-------- INPUT DATA --------
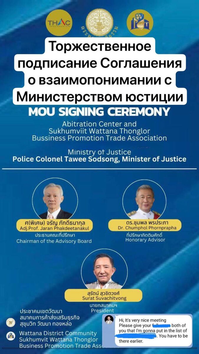 В ответ на пост Мы рады сообщить о скором подписании Меморандума о взаимопонимании (MOU) с центром Арбитража. Наши услуги: ✅ Арбитражное урегулирование споров – быстро, эффективно и конфиденциально. ✅ Юридическое сопровождение бизнеса – от консультаций до защиты ваших интересов. Открытие компаний в полную иностранную собственность. ✅ Поддержка в развитии торговых и деловых связей по всему Таиланду. ✅ Представительство в суде и защита ваших интересов. ➡️ Записаться на консультацию и анализ дела @alina_nirah ➡️Скидки 20% в честь Дня Династии Чакри и Сонграна #Арбитраж #Бизнес #SukhumvitWattanaThonglor #МинистерствоЮстиции #Таиланд
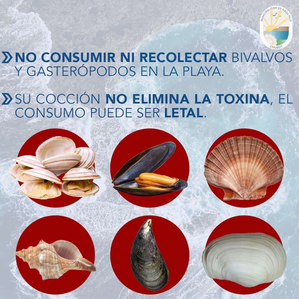 La Dirección de Bromatología de la Municipalidad de Rada Tilly, reitera la detección del fenómeno de marea roja y recuerda a la población en general, abstenerse a recolectar y consumir moluscos bivalvos y monovalvos en la playa de este ejido municipal.
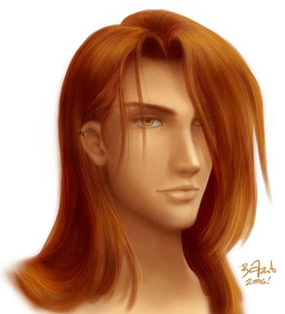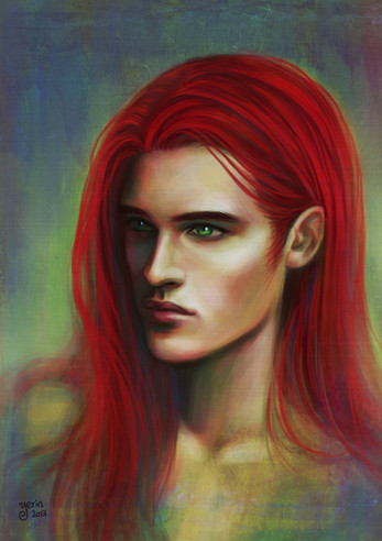 There is, IMO, just something universally splendid about ruby-red hair and peridot-green eyes. Mmmmmm. The odd thing is that this fellow was supposed to have black hair and silver eyes. He walked into my brain, immediately corrected my mental image, decided he would keep the 'just a joke' name I gave him to start out with, and that was 10 years ago. I'm glad he reminded you of a character that you love.
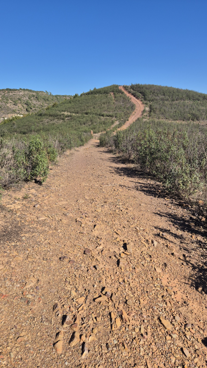 Auf der zweiten Mopedtour gab es dann wieder „alte Steine“, diesmal waren es Menhire, also prähistorische Monumente. Das sind einzelne aufrechtstehende Steine aus der Jungsteinzeit oder Bronzezeit, deren Bedeutung nicht ganz geklärt ist. In diesem Fall sind es vier Steine, die auf Hügel verteilt fast in einer Reihe stehen. Die Steine sind an einigen Stellen bearbeitet, man kann Linien und Punkte erkennen. An den Menhiren führt ein Wanderweg entlang, den wir abgegangen sind. Am Ende der Reihe hat man dann noch in Stein gehauene Gräber gefunden, die Necrópole da Pedreirinha, ebenfalls prähistorisch.
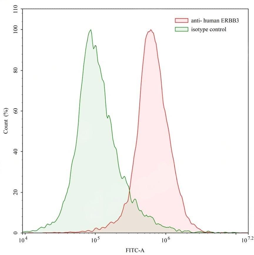 Flow-cytometry using anti-human ERBB3 antibody. Human SK-BR-3 cell line were stained with an irrelevant antibody (Green Histogram) or an anti-human ERBB3 antibody monoclonal antibody (Catalog No.:TD-HB116107 , Red Histogram) at a concentration of 20 µg/ml for 30 mins at RT. After washing, bound antibody was detected using a FITC conjugated goat anti-human antibody (Catalog No.:TD-HF690414) and cells analysed on a NovoCyte Flow Cytometer.
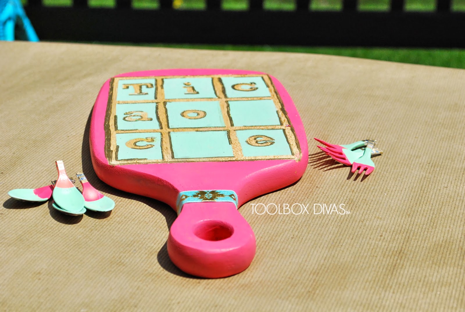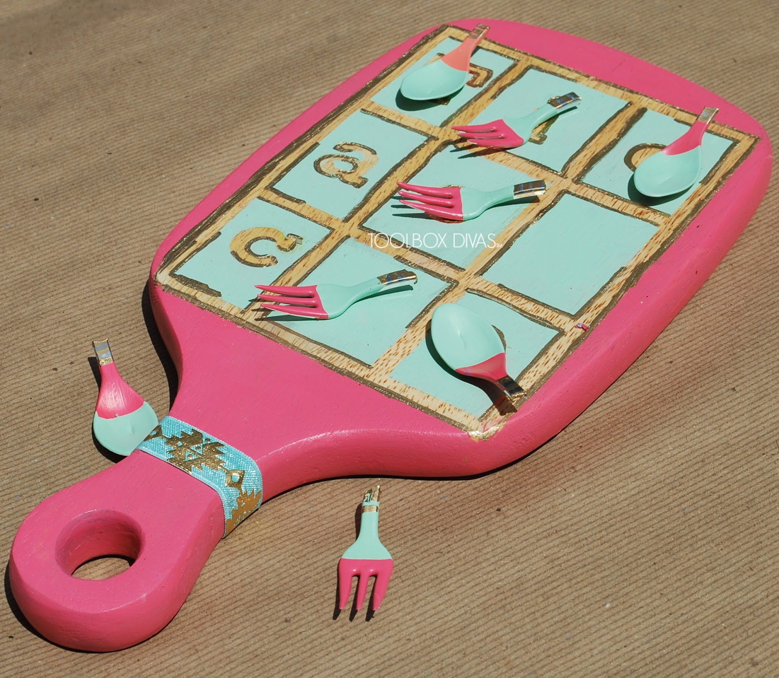 I then dipped the forks and spoons into the opposing color to make two-toned game pieces.
--------
> TASK TO CARRY OUT
A faithful, word-for-word version of the records above is needed, with no images in it.

> SOLUTION
 В ответ на пост Мы рады сообщить о скором подписании Меморандума о взаимопонимании (MOU) с центром Арбитража. Наши услуги: ✅ Арбитражное урегулирование споров – быстро, эффективно и конфиденциально. ✅ Юридическое сопровождение бизнеса – от консультаций до защиты ваших интересов. Открытие компаний в полную иностранную собственность. ✅ Поддержка в развитии торговых и деловых связей по всему Таиланду. ✅ Представительство в суде и защита ваших интересов. ➡️ Записаться на консультацию и анализ дела @alina_nirah ➡️Скидки 20% в честь Дня Династии Чакри и Сонграна #Арбитраж #Бизнес #SukhumvitWattanaThonglor #МинистерствоЮстиции #Таиланд
 La Dirección de Bromatología de la Municipalidad de Rada Tilly, reitera la detección del fenómeno de marea roja y recuerda a la población en general, abstenerse a recolectar y consumir moluscos bivalvos y monovalvos en la playa de este ejido municipal.
 There is, IMO, just something universally splendid about ruby-red hair and peridot-green eyes. Mmmmmm. The odd thing is that this fellow was supposed to have black hair and silver eyes. He walked into my brain, immediately corrected my mental image, decided he would keep the 'just a joke' name I gave him to start out with, and that was 10 years ago. I'm glad he reminded you of a character that you love.
 Auf der zweiten Mopedtour gab es dann wieder „alte Steine“, diesmal waren es Menhire, also prähistorische Monumente. Das sind einzelne aufrechtstehende Steine aus der Jungsteinzeit oder Bronzezeit, deren Bedeutung nicht ganz geklärt ist. In diesem Fall sind es vier Steine, die auf Hügel verteilt fast in einer Reihe stehen. Die Steine sind an einigen Stellen bearbeitet, man kann Linien und Punkte erkennen. An den Menhiren führt ein Wanderweg entlang, den wir abgegangen sind. Am Ende der Reihe hat man dann noch in Stein gehauene Gräber gefunden, die Necrópole da Pedreirinha, ebenfalls prähistorisch.
 Flow-cytometry using anti-human ERBB3 antibody. Human SK-BR-3 cell line were stained with an irrelevant antibody (Green Histogram) or an anti-human ERBB3 antibody monoclonal antibody (Catalog No.:TD-HB116107 , Red Histogram) at a concentration of 20 µg/ml for 30 mins at RT. After washing, bound antibody was detected using a FITC conjugated goat anti-human antibody (Catalog No.:TD-HF690414) and cells analysed on a NovoCyte Flow Cytometer.
 I then dipped the forks and spoons into the opposing color to make two-toned game pieces.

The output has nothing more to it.